## BRIEF
Reproduce each record exactly, but exclude every picture.
━━ RECORDS SHOWN ━━
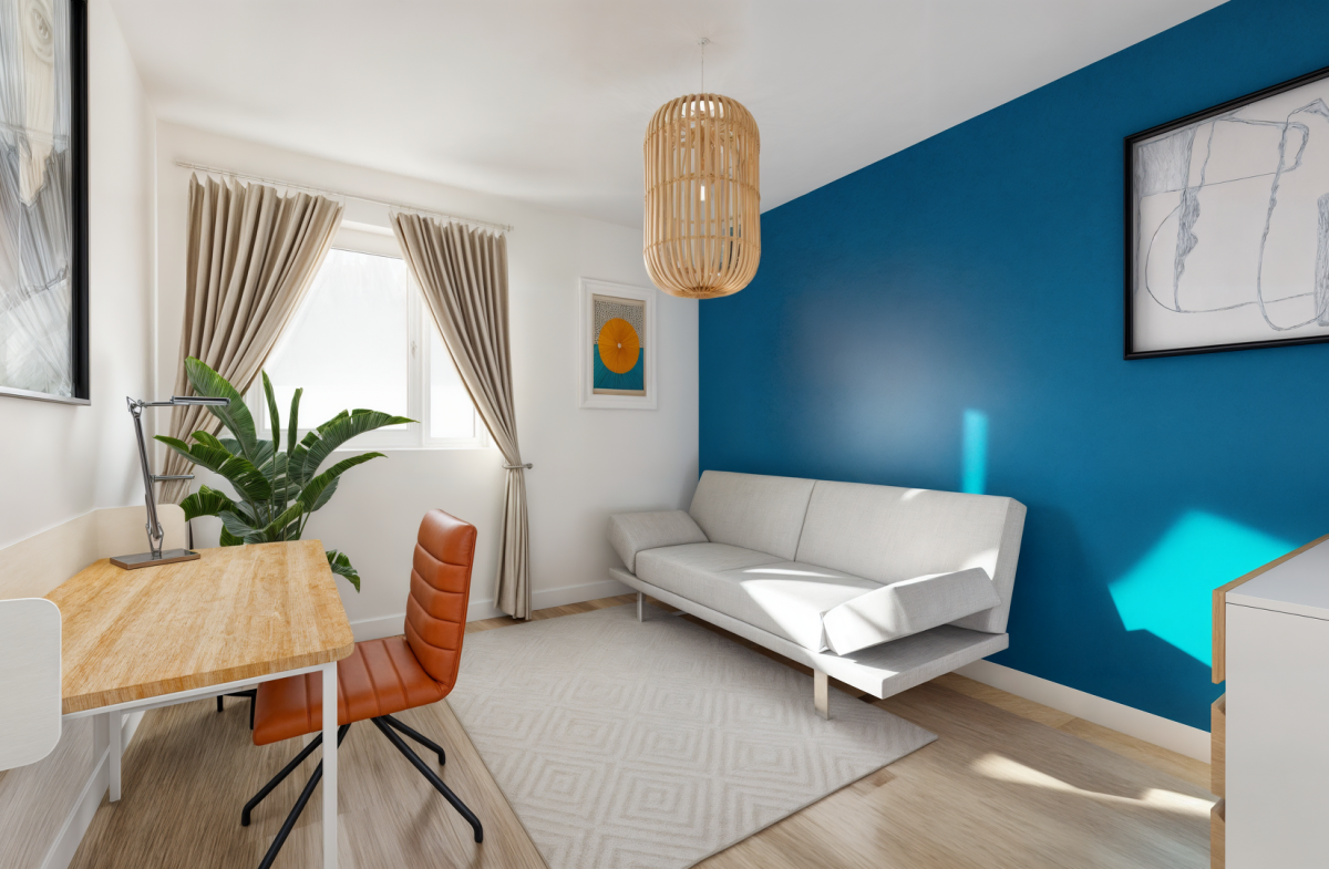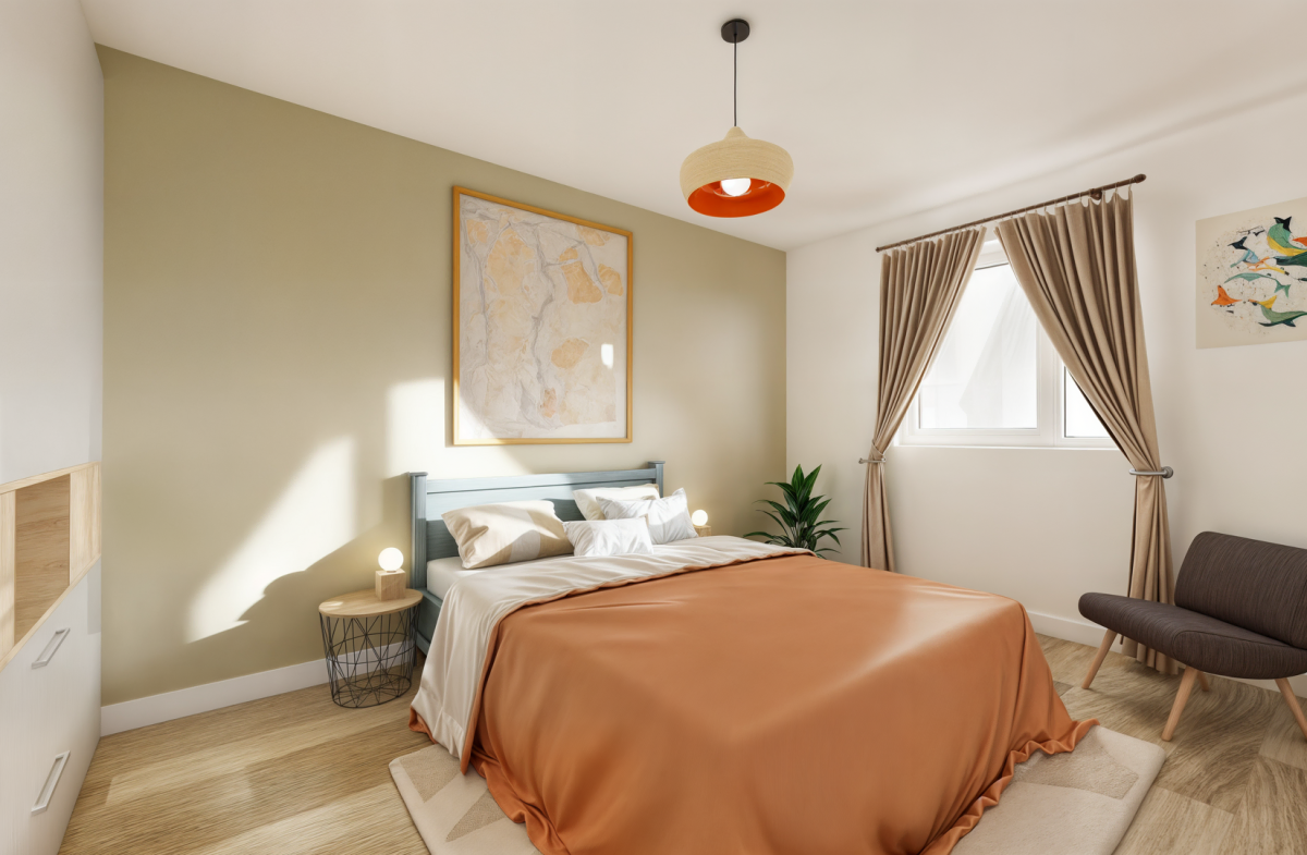 Il dispose de deux chambres spacieuses (12.8 m² et 10.3 m²), d’un cellier, de WC séparés de la salle d’eau, d’un placard dans l’entrée.
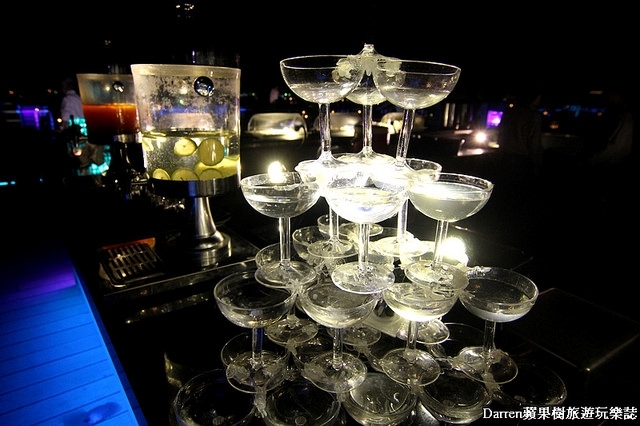 SKY BAR中間有個燈光會變化的在夜晚特別有情調,在旁邊還有沙發不少情人坐在那邊放閃
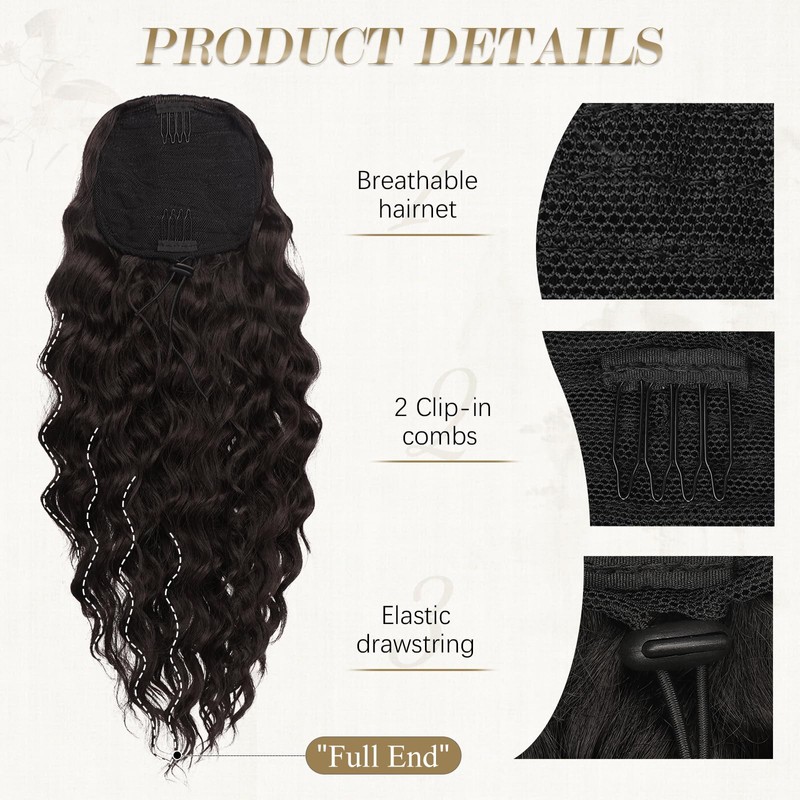 - [Warm Tips]- Wrap around drawstring pony tail hair extension is meticulously crafted with care. The curls are well-defined. It is unnecessary to worry about tangles because they can be easily untangled by spraying water or mousse and then separating them with your fingers (It is not recommended to use a comb but your fingers).
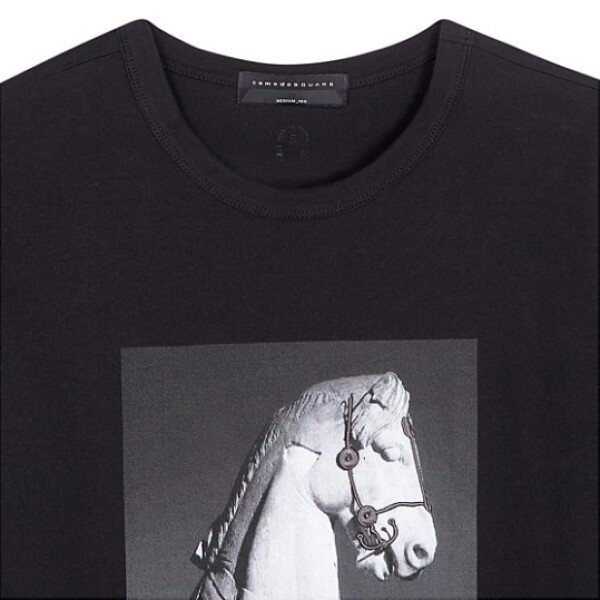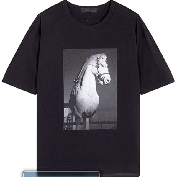 코모도스퀘어 17 S/S 블랙 말 자수프린트 티셔츠 / 9317216016 말 프린트에 자수포인트와 등판 아랫단 배색처리로 포인트를 준 티셔츠입니다 재킷이나 점퍼 이너로도 좋고 단품 착용하셔도 좋은 제품입니다
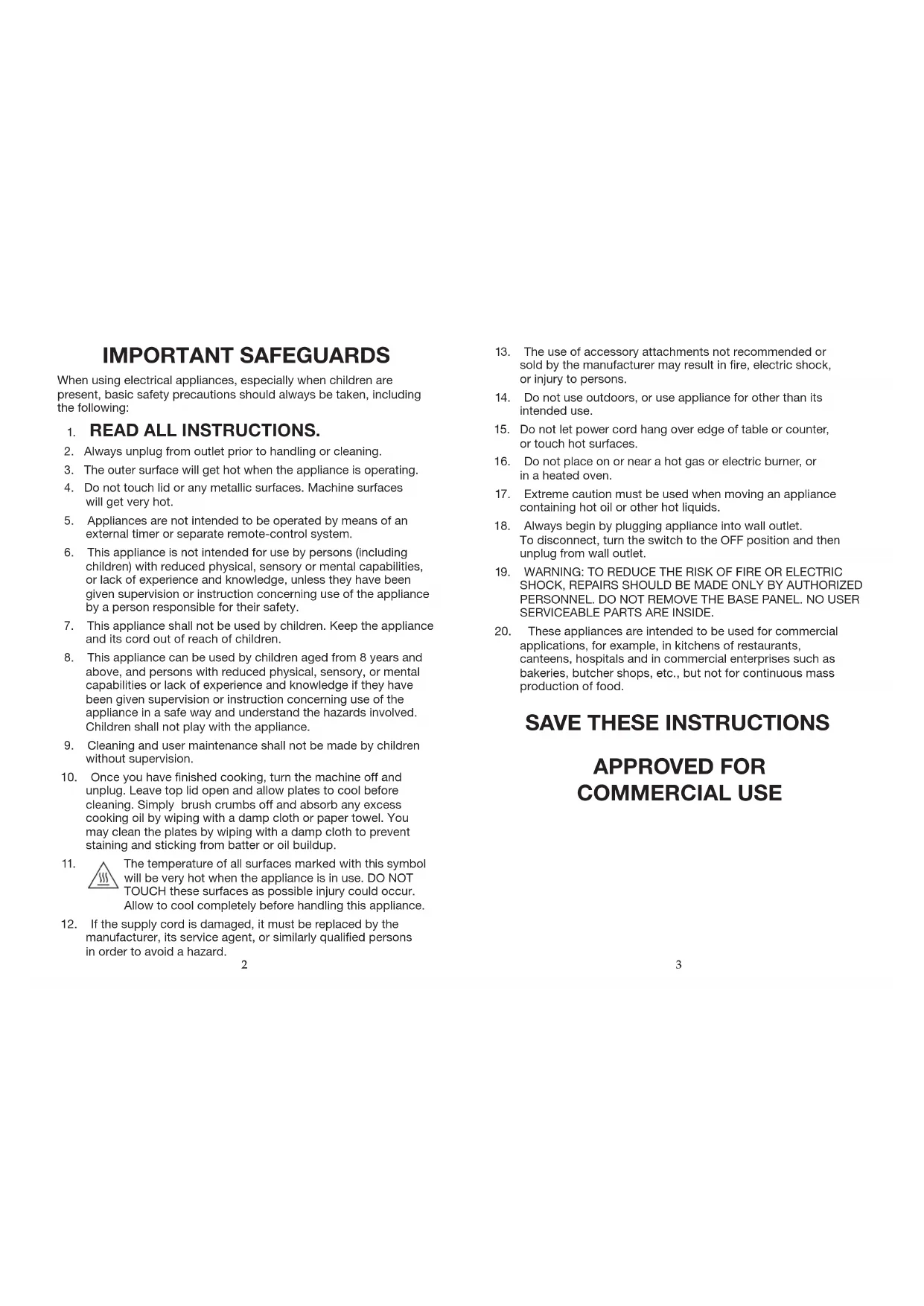 a. Time and Temperature Settings b. + and – Buttons c. Start/Stop Timer Button SPECIFICATIONS Model Electrical Plug Approval WSC300 120V, 60Hz, 1800W 5-15P TUVus, NSF Out of Box Dimensions: Depth – 21.875 inches (55.5 cm) Width – 15.5 inches (38.7 cm) Height Closed – 9.375 inches (23.8 cm) Height Open – 24.75 inches (62.9 cm) Cooking surface diameter – 13.5 inches (34.5 cm) OPERATING INSTRUCTIONS
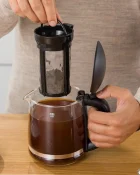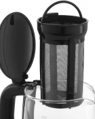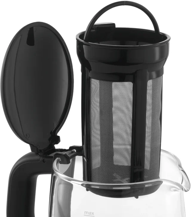 قوری شفاف، امکان کنترل فرآیند دمکشیدن چای را بهراحتی فراهم کرده و با فیلتر فلزی، مانع ورود برگهای چای به داخل لیوان میشود. - قابلیت گرمنگهدارنده اتوماتیک:
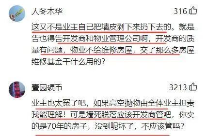 受害者被砸中身亡是不幸的,但是具体谁该赔偿应该搞清楚,不是业主将墙皮扔下去出的事,开发商和物业才是该负责的主体,要么是开发商交付的质量有问题,要么是物业没发现隐患没修缮,业主是交过小区维修基金的,不能什么事情都让业主背锅。
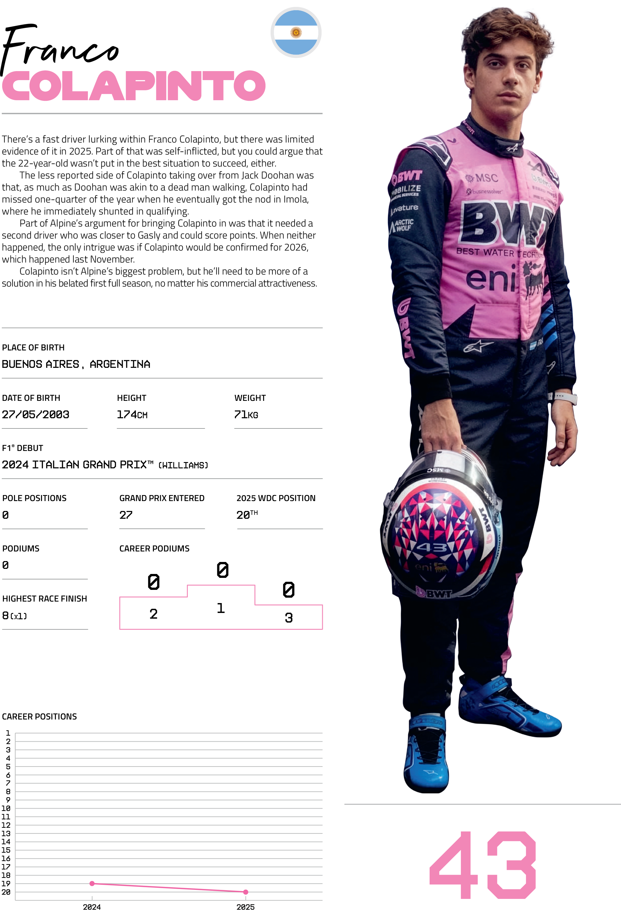 There’s a fast driver lurking within Franco Colapinto, but there was limited evidence of it in 2025. Part of that was self-inflicted, but you could argue that the 22-year-old wasn’t put in the best situation to succeed, either.
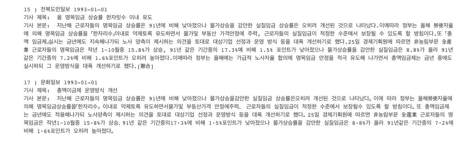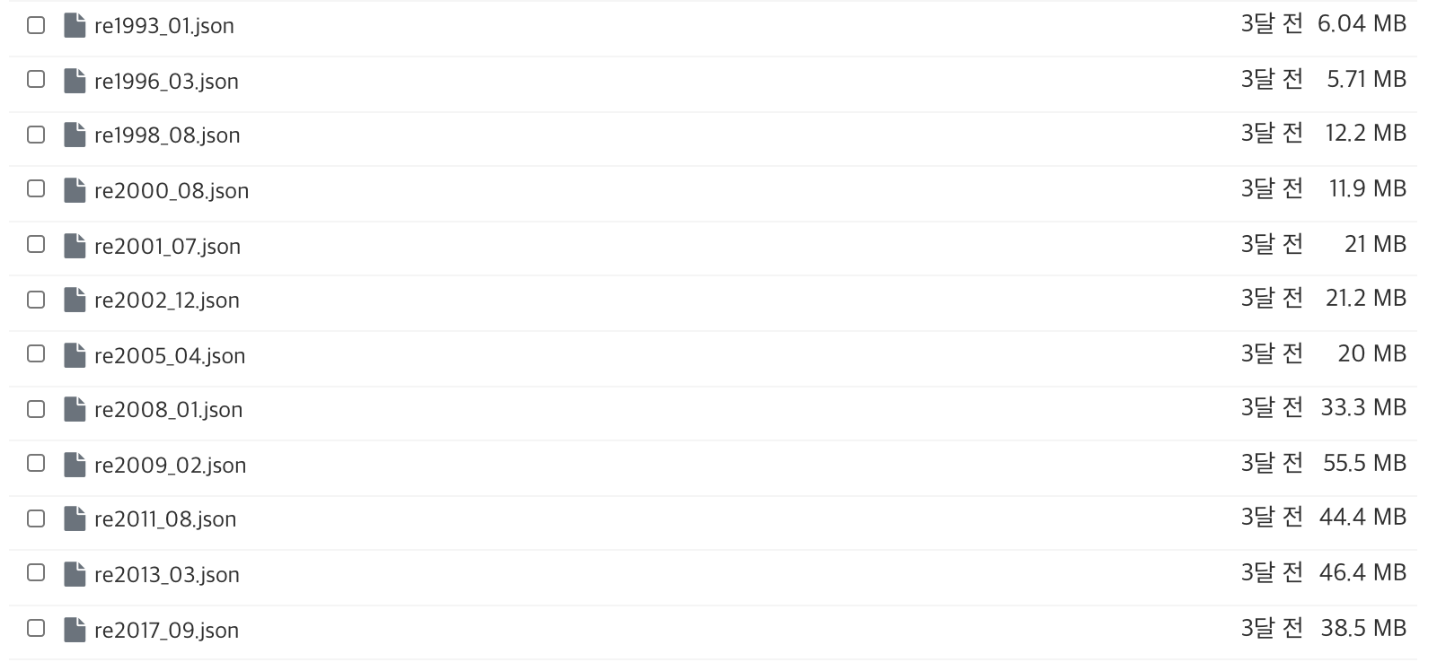 이 프로젝트에서는 공공 뉴스 아카이브인 빅카인즈에서 1993년 ~ 2017년까지의 기사를 약 10만개정도 크롤링 후, 여러 필드를 추가한 json 파일을 사용했다. 파일 이름에 대해 짧게 설명하자면 re1993_01.json 파일은 1993년 01월 01일~31일까지 특정 키워드에 대하여 크롤링한 기사들의 모음이다.
━━━
## TASK OUTPUT
 Il dispose de deux chambres spacieuses (12.8 m² et 10.3 m²), d’un cellier, de WC séparés de la salle d’eau, d’un placard dans l’entrée.
 SKY BAR中間有個燈光會變化的在夜晚特別有情調,在旁邊還有沙發不少情人坐在那邊放閃
 - [Warm Tips]- Wrap around drawstring pony tail hair extension is meticulously crafted with care. The curls are well-defined. It is unnecessary to worry about tangles because they can be easily untangled by spraying water or mousse and then separating them with your fingers (It is not recommended to use a comb but your fingers).
 코모도스퀘어 17 S/S 블랙 말 자수프린트 티셔츠 / 9317216016 말 프린트에 자수포인트와 등판 아랫단 배색처리로 포인트를 준 티셔츠입니다 재킷이나 점퍼 이너로도 좋고 단품 착용하셔도 좋은 제품입니다
 a. Time and Temperature Settings b. + and – Buttons c. Start/Stop Timer Button SPECIFICATIONS Model Electrical Plug Approval WSC300 120V, 60Hz, 1800W 5-15P TUVus, NSF Out of Box Dimensions: Depth – 21.875 inches (55.5 cm) Width – 15.5 inches (38.7 cm) Height Closed – 9.375 inches (23.8 cm) Height Open – 24.75 inches (62.9 cm) Cooking surface diameter – 13.5 inches (34.5 cm) OPERATING INSTRUCTIONS
 قوری شفاف، امکان کنترل فرآیند دمکشیدن چای را بهراحتی فراهم کرده و با فیلتر فلزی، مانع ورود برگهای چای به داخل لیوان میشود. - قابلیت گرمنگهدارنده اتوماتیک:
 受害者被砸中身亡是不幸的,但是具体谁该赔偿应该搞清楚,不是业主将墙皮扔下去出的事,开发商和物业才是该负责的主体,要么是开发商交付的质量有问题,要么是物业没发现隐患没修缮,业主是交过小区维修基金的,不能什么事情都让业主背锅。
 There’s a fast driver lurking within Franco Colapinto, but there was limited evidence of it in 2025. Part of that was self-inflicted, but you could argue that the 22-year-old wasn’t put in the best situation to succeed, either.
 이 프로젝트에서는 공공 뉴스 아카이브인 빅카인즈에서 1993년 ~ 2017년까지의 기사를 약 10만개정도 크롤링 후, 여러 필드를 추가한 json 파일을 사용했다. 파일 이름에 대해 짧게 설명하자면 re1993_01.json 파일은 1993년 01월 01일~31일까지 특정 키워드에 대하여 크롤링한 기사들의 모음이다.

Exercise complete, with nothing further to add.